Title VII’s anti-retaliation provision bars an employer from discriminating against an individual who has “opposed any practice made an unlawful employment practice” by the statute. In Reznik v. inContact, Inc., the Tenth Circuit reinstated an employee’s Title VII retaliation claim in which she claimed she was terminated for reporting that a manager in the company’s Utah headquarters repeatedly subjected two workers in the company’s Philippines office to racial slurs and other harassing language. The plaintiff alleged that she had reported the repeated racially abusive language to management and was terminated a few weeks later. At issue was the fact that Title VII does not protect non-citizens working abroad. Consequently, the alleged racially abusive language could not, as a matter of law, violate Title VII. The federal district court in Utah dismissed the action finding that the plaintiff could not show a reasonable belief that her reports were opposing unlawful conduct under Title VII.

On appeal, the Tenth Circuit reversed. It rejected the “substantive law approach,” which focuses on whether the underlying conduct was actually illegal—proposed by the employer and adopted by some other federal courts. It adopted the “objective reasonableness standard,” which “considers the law against what a reasonable employee would believe, not ‘what a reasonable labor and employment attorney would believe.’” Under this standard an employee may receive protection for reporting conduct that he or she believes violates Title VII, if that belief was reasonable when taking into consideration what a reasonable employee would understand about the law and believe in the same or similar circumstances. In other words, a court will review the reporting employee’s belief based on how it believes a reasonable person in that employee’s place would understand Title VII’s protections under the same factual circumstances, with the same training, and same experience.

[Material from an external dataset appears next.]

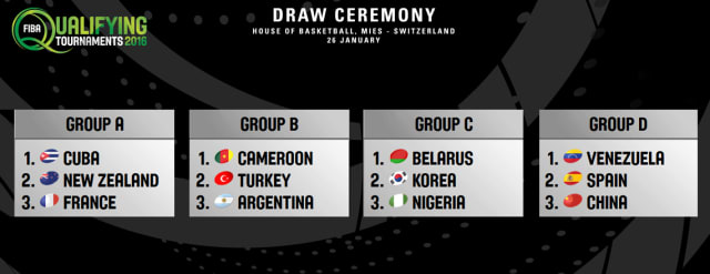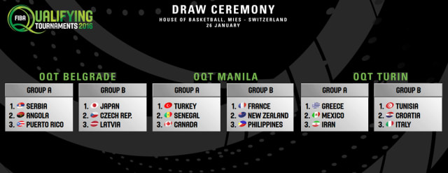 Los ganadores de los tres Torneos de Clasificación Olímpica FIBA (TVO) también avanzarán Rio. En el TCO de Turín estarán Grecia, Irán, México, Croacia, Italia y Túnez, mientras que en el TCO de Belgrado estarán Angola, Puerto Rico, Serbia, la República Checa, Japón y Letonia. Esos TCO se desarrollarán del 4-9 julio. El TCO de Manila se jugará del 5-10 julio y tendrá a Canadá, Senegal, Turquía, Francia, Nueva Zelanda y los anfitriones, Filipinas.

Implications and practice tips for employers

The Tenth Circuit’s opinion certainly carries the threat of expanded Title VII litigation. Employers cannot necessarily rely on the fact that any underlying conduct is unprotected as a quick exit from a retaliation suit. If the complained of conduct is significantly similar to conduct protected by Title VII, there appears to be a good chance that retaliation claims premised on reports of such conduct will survive. So, what should employers do in response to this opinion?

As in most cases, being proactive is the best solution. Employers should ensure their policies and procedures are updated and properly disseminated. Additionally, conducting appropriate training for employees and management can help diffuse situations before they lead to potentially costly litigation. Given the language from Reznik, employers may consider alterations to their policies and training that expressly identify Title VII’s exceptions and illustrations of what would fail to be considered harassment under the law. The more educated a workforce is on what is and what is not illegal under Title VII, the better argument an employer would have against an expanded scope of Title VII’s retaliation provision.

Reznik v. inContact, Inc., 18 F.4th 1257 (10th Cir. 2021).

DISCLAIMER: Because of the generality of this update, the information provided herein may not be applicable in all situations and should not be acted upon without specific legal advice based on particular situations.